It’s been days, but I’m still in shock about the text I got Tuesday.
“Dan Hart died of a heart attack last night,” read the short missive.
Hart, 66, was well-known in political circles. He came to town 30 years ago to help Jan Jones Blackhurst become the first female mayor of Las Vegas and worked on dozens of campaigns since.
Dan was a good source for journalists, always ready with a pithy quote or an insight about campaigns. He’d worked enough of them himself to know what he was talking about, from city council all the way up to statewide campaigns for governor and attorney general. Over the years, I’d interviewed him scores of times about everything from education and tax policy to politics.
But Dan was more than just an operative and a source. He was also a friend. Over the years, he and I haunted many of Las Vegas best steakhouses, trading prime political gossip over prime beef and quality Scotch.

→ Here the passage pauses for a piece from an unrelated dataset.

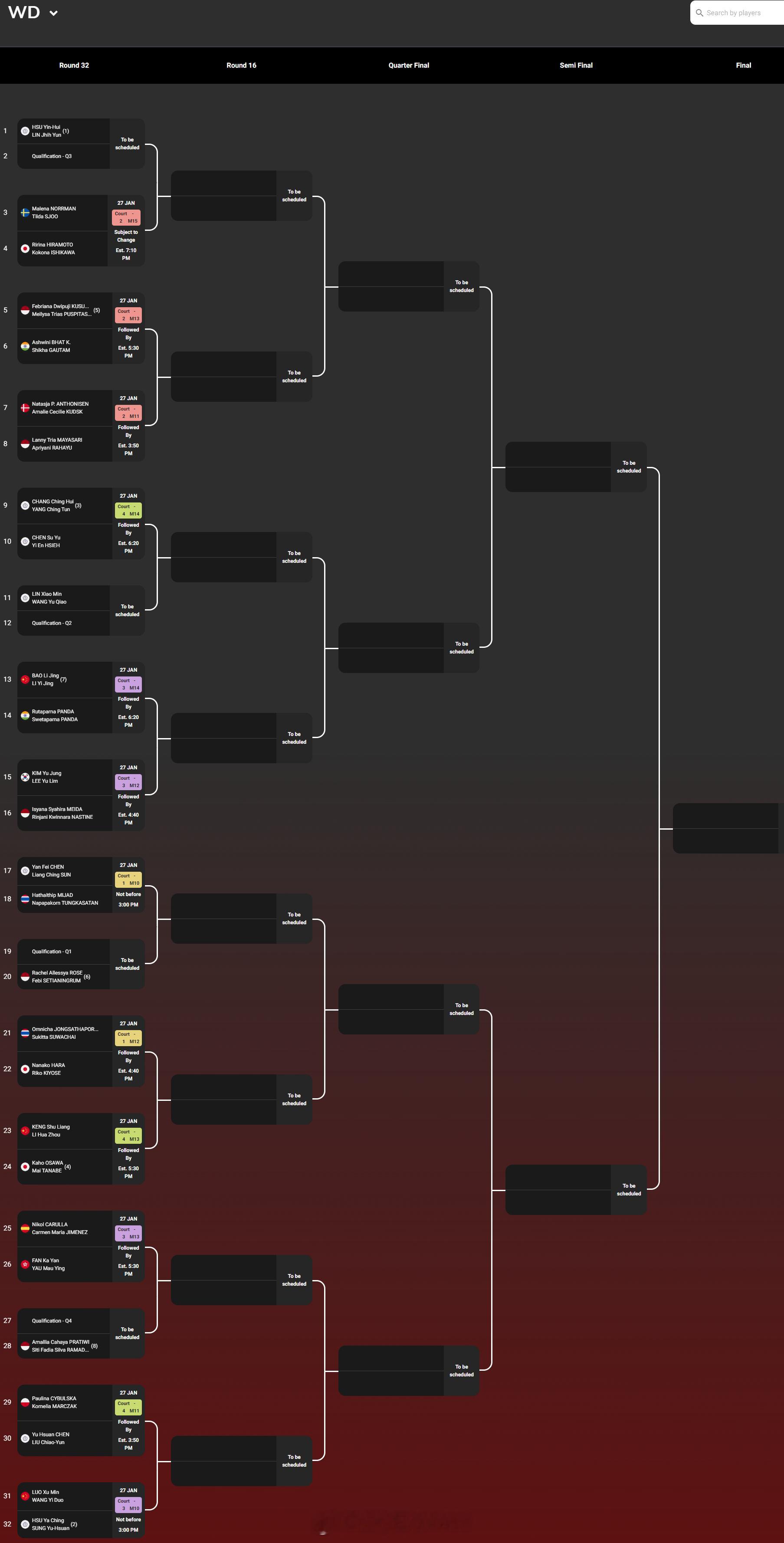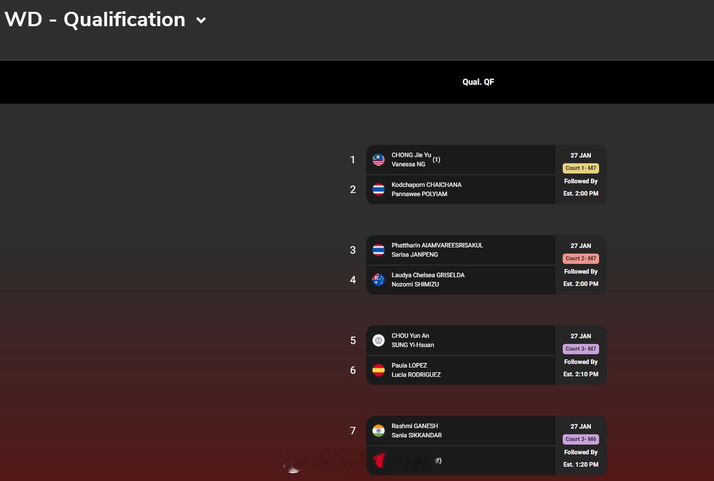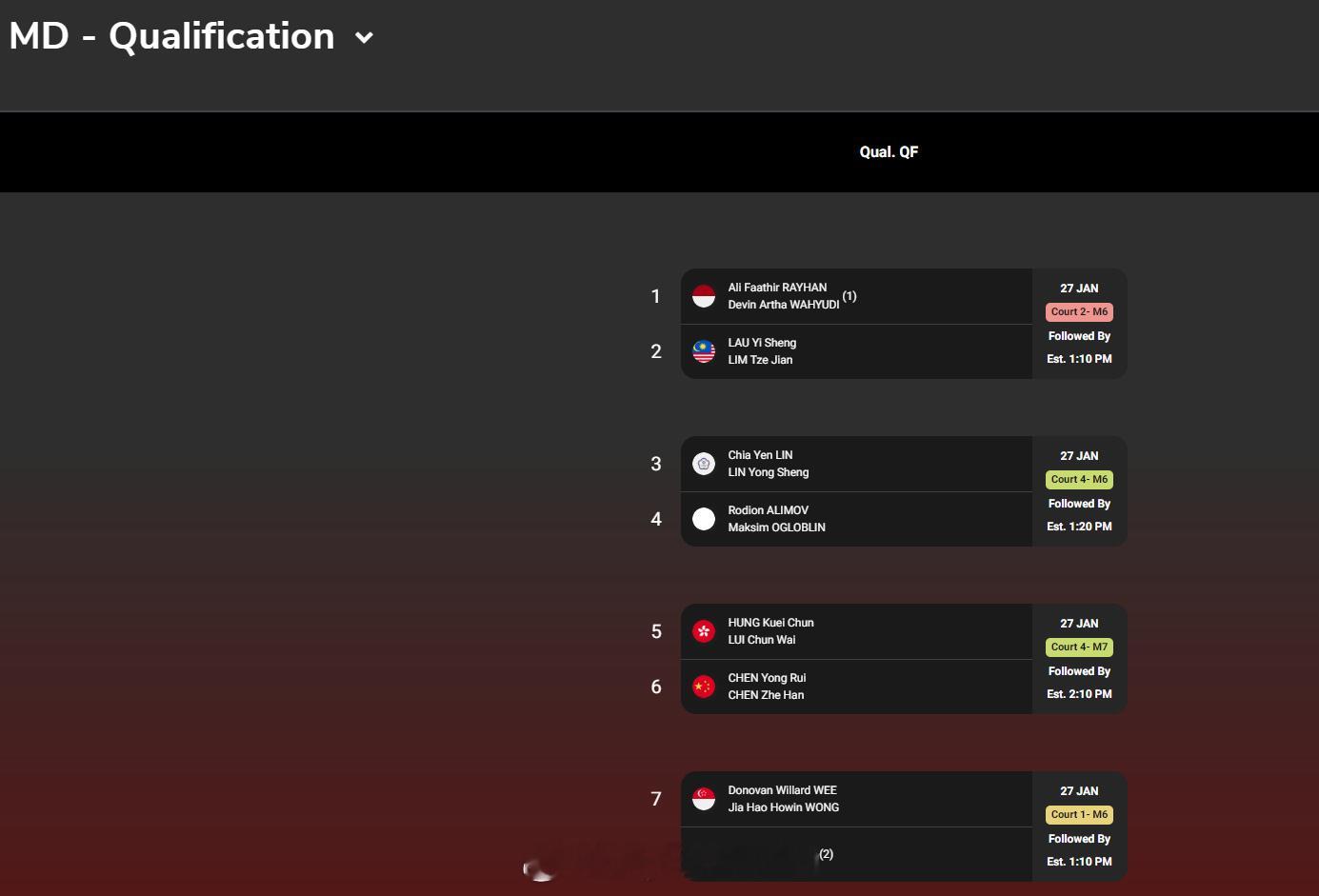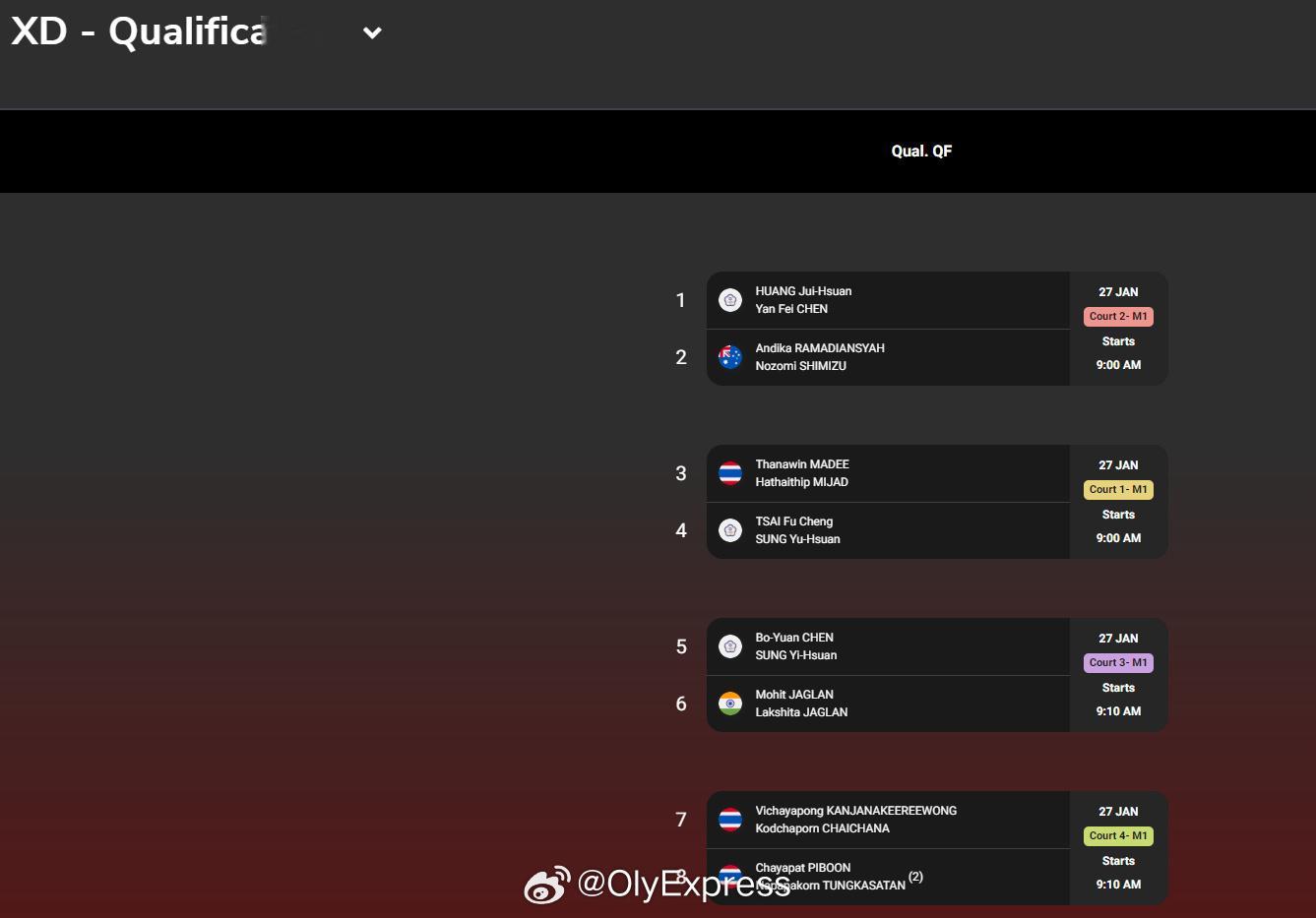 【2026泰国羽毛球大师赛签表】2026年泰国羽毛球大师赛羽联超级赛 1月27-2月1日,总奖金额为25万美元的2026世界羽联超级300泰国大师赛将在曼谷举行,国羽参赛名单如下(Q为资格赛选手),签表见图:男单:胡哲安、朱轩辰(Q)、董天尧(Q)女单:韩千禧男双:陈旭君/刘阳、胡珂源/林祥毅、黄荻/孙文骏、陈永锐/陈喆涵(Q)女双:鲍骊婧/李怡婧、坑姝良/李华洲、罗徐敏/王漪朵混双:程星/张驰、高家炫/吴梦莹、朱一珺/李茜

It was those times I thought about after I got that text, and how I’d never get the chance to catch up with Hart about the most recent election, or the upcoming governor’s contest, or the current session of the Legislature. I’m going to miss those dinners very much.
One of things to know about Dan was his temperament: He was even-keeled and didn’t get upset or angry even when the inevitable turns of fate in politics went against him. He was a forceful and powerful advocate for his client, but he didn’t let things get to him.
In 2014, he was representing the Nevada State Education Association’s efforts to qualify a business margins tax known as The Education Initiative. The state’s business community was, understandably, fighting it with everything it could muster.
A study of the tax’s benefits was revised, lessening the estimated job creation estimates. A coalition of unions came out against the measure. But Dan was calm amidst the storm, realizing that in politics, there are no permanent friends, and no permanent enemies.
The Education Initiative failed by an overwhelming margin, 79 percent to 21 percent. Dan said at a panel I moderated before the election that it was “unlikely” we’d see the Legislature ever passing a business tax if the union’s proposal failed. “It just doesn’t happen, and that’s why we are where we are now,” Dan said.
But he was wrong. The very next session, a Republican-controlled Legislature under a Republican governor passed the commerce tax, the first business revenue tax in Nevada history. And I’ve got to believe that at least a small part of the motivation for the commerce tax was the fear that groups such as the NSEA would keep trying and might eventually pass a business levy more onerous than the commerce tax. In that sense, Dan’s hard work in 2014 paid off.
Dan represented Democrats almost exclusively, but they ranged from progressives such as Jones Blackhurst to moderates such as then-Henderson Mayor Jim Gibson, who mounted a campaign for governor in 2006 with the backing of the party’s establishment.
But Dan went against the establishment, too. In 2013, he worked behind the scenes to help then-Clark County Commissioner Larry Brown get hired as the general manager of the Southern Nevada Water Authority. The problem? Incumbent GM Pat Mulroy, one of the most powerful people in Southern Nevada, had already picked a replacement. But that didn’t stop Dan. If he thought he was right, he’d fight with everything he had.
Jones Blackhurst, in fact, acknowledged his skill: “I never would have become mayor if it hadn’t been for Dan,” she said. “Dan was a brilliant mind. And he was an outsider.”
Dan was smart. He once told me about an idea he had for an education tax initiative, one that would expire within seven years if student test scores and graduation rates didn’t improve. It was the kind of idea that would anger both sides, but one that offered accountability.
Jones Blackhurst recalled that Dan told her once that in the chaotic world of politics, you’ve ultimately got to decide to listen to the advice of just one person. “He was the one person,” she said.
Dan was that one person for a lot of people, me included. It’s still hard to believe I won’t get to listen to him again, at least not in this life. But I will remember him and lift a glass to the memories.